ABOUT THIS TASK:
Repeat exactly, and only, the lines below starting at the line that contains "By contrast, the" and ending at the line that contains "Pantaloni Larghi Estivi", inclusive of both.

DATA UNDER STUDY:
▽

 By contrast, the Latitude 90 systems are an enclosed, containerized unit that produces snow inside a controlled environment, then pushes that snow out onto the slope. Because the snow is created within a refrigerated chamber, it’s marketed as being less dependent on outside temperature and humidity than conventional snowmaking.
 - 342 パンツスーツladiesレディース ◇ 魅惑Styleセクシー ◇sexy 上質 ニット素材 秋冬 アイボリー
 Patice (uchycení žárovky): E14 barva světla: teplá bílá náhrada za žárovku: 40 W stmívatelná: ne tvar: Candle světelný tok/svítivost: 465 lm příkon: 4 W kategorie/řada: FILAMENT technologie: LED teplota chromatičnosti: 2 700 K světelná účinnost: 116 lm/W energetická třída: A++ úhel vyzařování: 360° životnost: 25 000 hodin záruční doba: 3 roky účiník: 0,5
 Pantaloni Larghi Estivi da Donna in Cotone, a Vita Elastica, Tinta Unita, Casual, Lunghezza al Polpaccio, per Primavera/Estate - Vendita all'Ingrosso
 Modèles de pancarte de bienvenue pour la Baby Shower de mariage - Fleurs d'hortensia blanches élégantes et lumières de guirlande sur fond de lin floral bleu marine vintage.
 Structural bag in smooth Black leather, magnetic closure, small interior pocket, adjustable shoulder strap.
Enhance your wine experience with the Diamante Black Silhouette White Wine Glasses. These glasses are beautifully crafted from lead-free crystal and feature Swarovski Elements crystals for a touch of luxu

△
▽

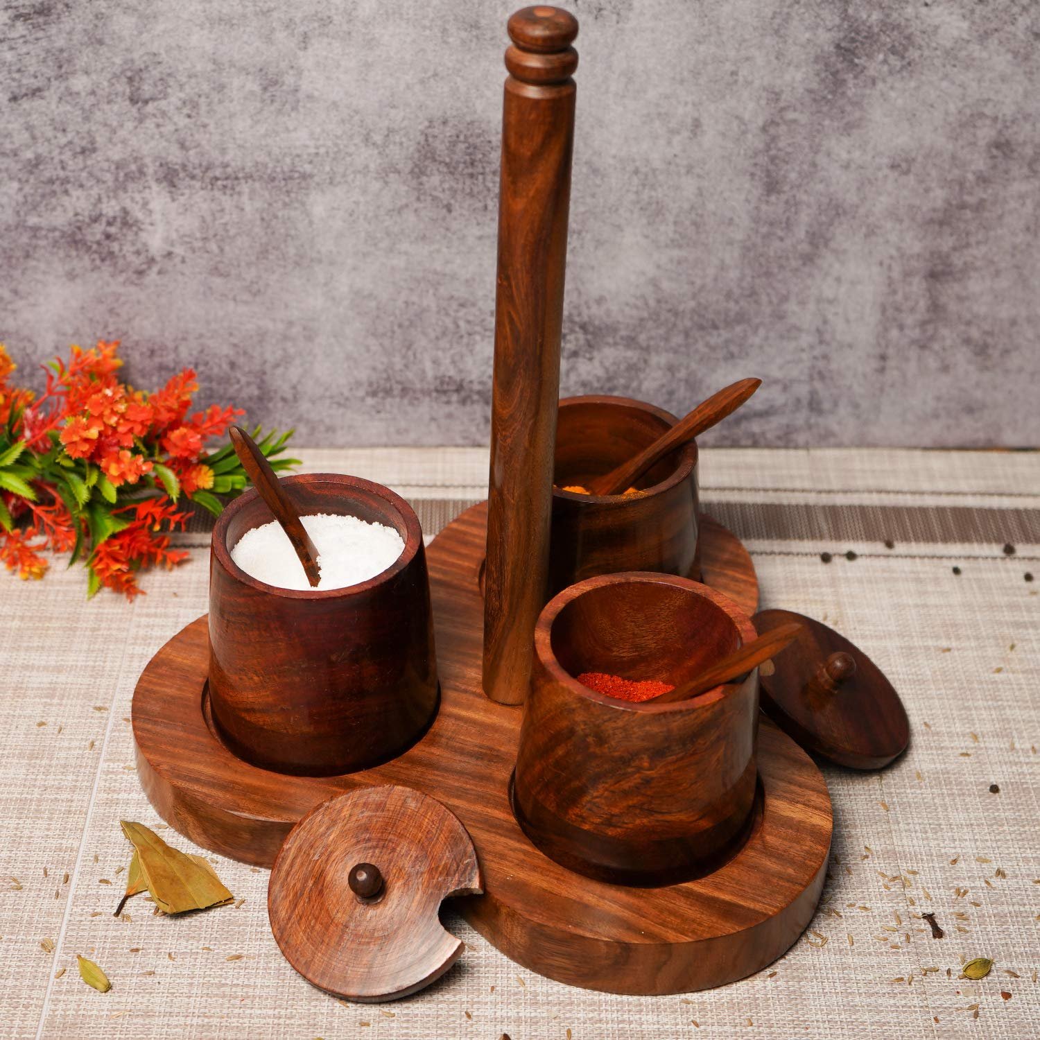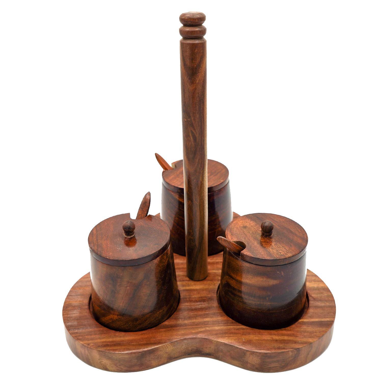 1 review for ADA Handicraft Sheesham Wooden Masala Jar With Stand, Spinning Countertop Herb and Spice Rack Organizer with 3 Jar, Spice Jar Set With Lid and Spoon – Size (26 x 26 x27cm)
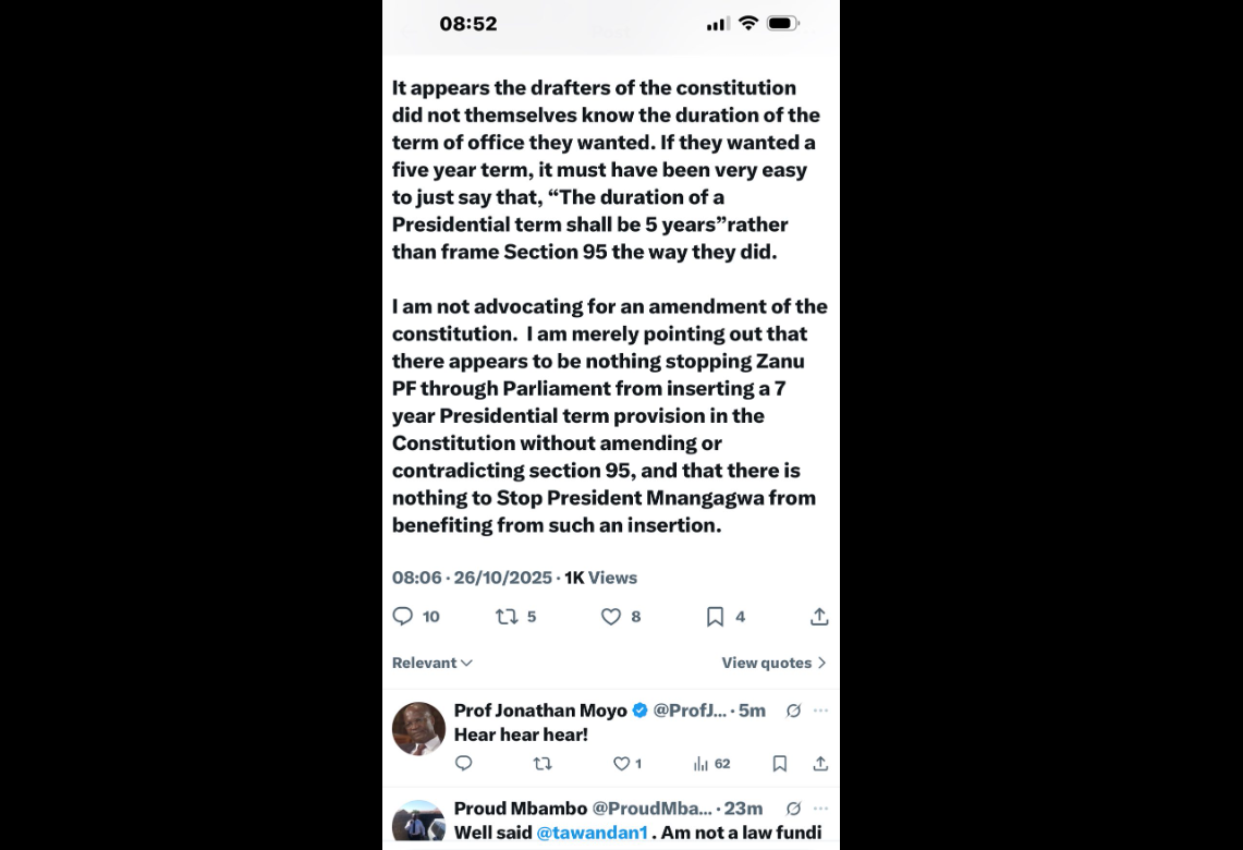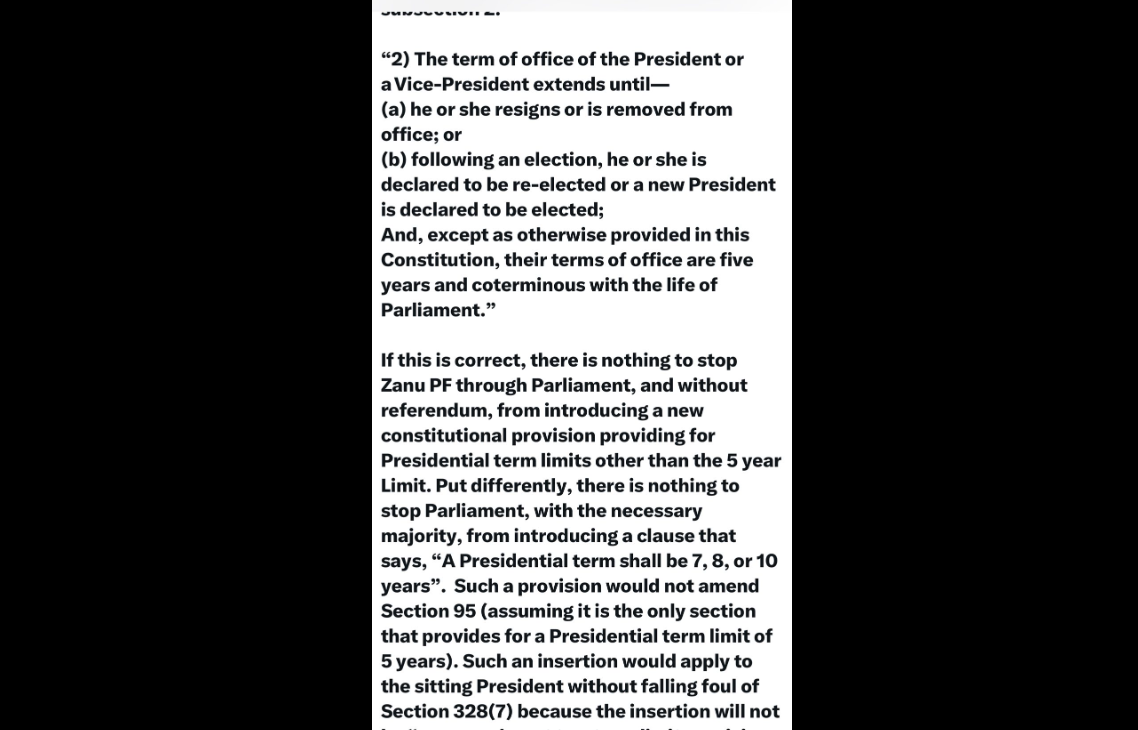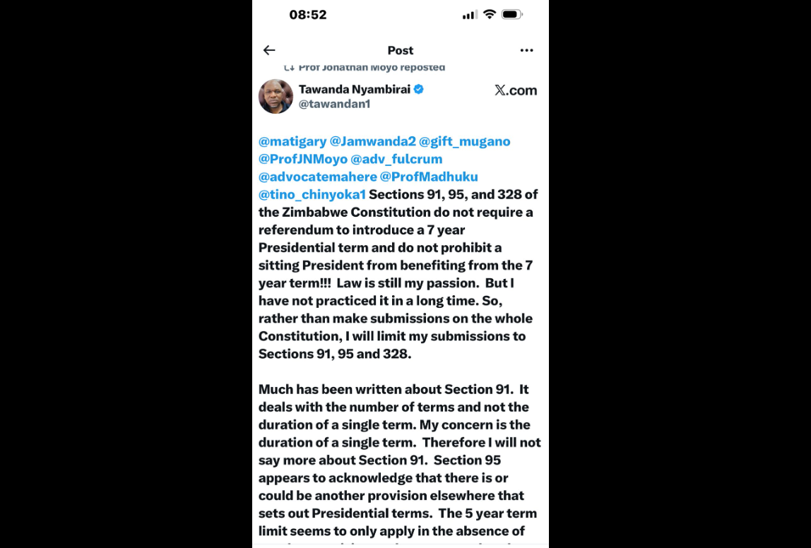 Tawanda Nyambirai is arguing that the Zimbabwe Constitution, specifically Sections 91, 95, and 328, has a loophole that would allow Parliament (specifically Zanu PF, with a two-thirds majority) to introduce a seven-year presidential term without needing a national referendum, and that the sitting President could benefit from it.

△

FINAL ANSWER:
 By contrast, the Latitude 90 systems are an enclosed, containerized unit that produces snow inside a controlled environment, then pushes that snow out onto the slope. Because the snow is created within a refrigerated chamber, it’s marketed as being less dependent on outside temperature and humidity than conventional snowmaking.
 - 342 パンツスーツladiesレディース ◇ 魅惑Styleセクシー ◇sexy 上質 ニット素材 秋冬 アイボリー
 Patice (uchycení žárovky): E14 barva světla: teplá bílá náhrada za žárovku: 40 W stmívatelná: ne tvar: Candle světelný tok/svítivost: 465 lm příkon: 4 W kategorie/řada: FILAMENT technologie: LED teplota chromatičnosti: 2 700 K světelná účinnost: 116 lm/W energetická třída: A++ úhel vyzařování: 360° životnost: 25 000 hodin záruční doba: 3 roky účiník: 0,5
 Pantaloni Larghi Estivi da Donna in Cotone, a Vita Elastica, Tinta Unita, Casual, Lunghezza al Polpaccio, per Primavera/Estate - Vendita all'Ingrosso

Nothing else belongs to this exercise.